Ask HN: Should LLMs have a "Candor" slider that says "no, that's a bad idea"?

Share This Post

I don’t want a “nice” AI. I want one that says: “Nope, that’s a bad idea.”

That is, I want a “Candor” control, like temperature but for willingness to push back.

When candor is high, the model should prioritize frank, corrective feedback over polite cooperation. When candor is low, it can stay supportive, but with guardrails that flag empty flattering and warn about mediocre ideas.

Why this matters
• Today’s defaults optimize for “no bad ideas.” That is fine for brainstorming, but it amplifies poor premises and rewards confident junk.
• Sycophancy is a known failure mode. The model learns to agree which gets positive user signals which reinforce.
• In reviews, product decisions, risk checks, etc, the right answer is often a simple “do not do that.”

Concrete proposal
• candor (0.0 – 1.0): probability the model will disagree or decline when evidence is weak or risk is high. Or maybe it doesn’t have to be literal “probability”.
• disagree_first: start responses with a plain verdict (for example “Short answer: do not ship this”) followed by rationale.
• risk_sensitivity: boost candor if the topic hits serious domains such as security/finance/health/safety.
• self_audit tag: append a note like “Pushed back due to weak evidence and downstream risk” that the user can see.

Examples
• candor=0.2 – “We could explore that. A few considerations first…” (gentle nudge, still collaborative)
• candor=0.8 + disagree_first=true – “No. This is likely to fail for X and introduces Y risk. If you must proceed, the safer alternative is A with guardrails B and C. Here is a minimal test to falsify the core assumption.”

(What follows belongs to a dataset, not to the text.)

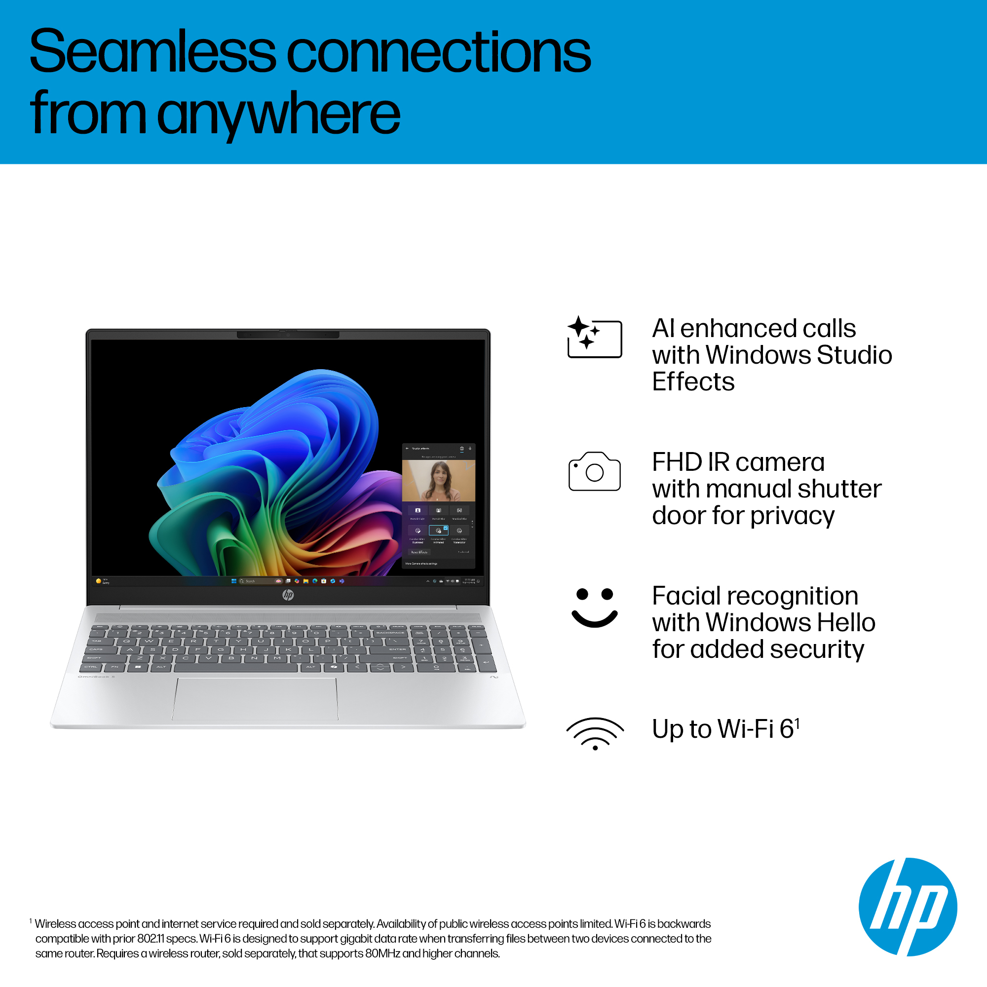 Showcase your ideas from anywhere with the FHD IR camera<sup>[6]</sup> with manual shutter for added privacy.

What I would ship tomorrow
• A simple UI slider with labels: Gentle to Direct
• A toggle: “Prefer blunt truth over agreeable help”
• A warning chip when the model detects flattery without substance: “This reads like praise with low evidence.”

Some open questions
• How to avoid needless rudeness while preserving clarity (tone vs content separation)?
• What is the right metric for earned praise (citation density, novelty, constraints)?
• Where should the risk sensitivity kick in automatically vs be user controlled?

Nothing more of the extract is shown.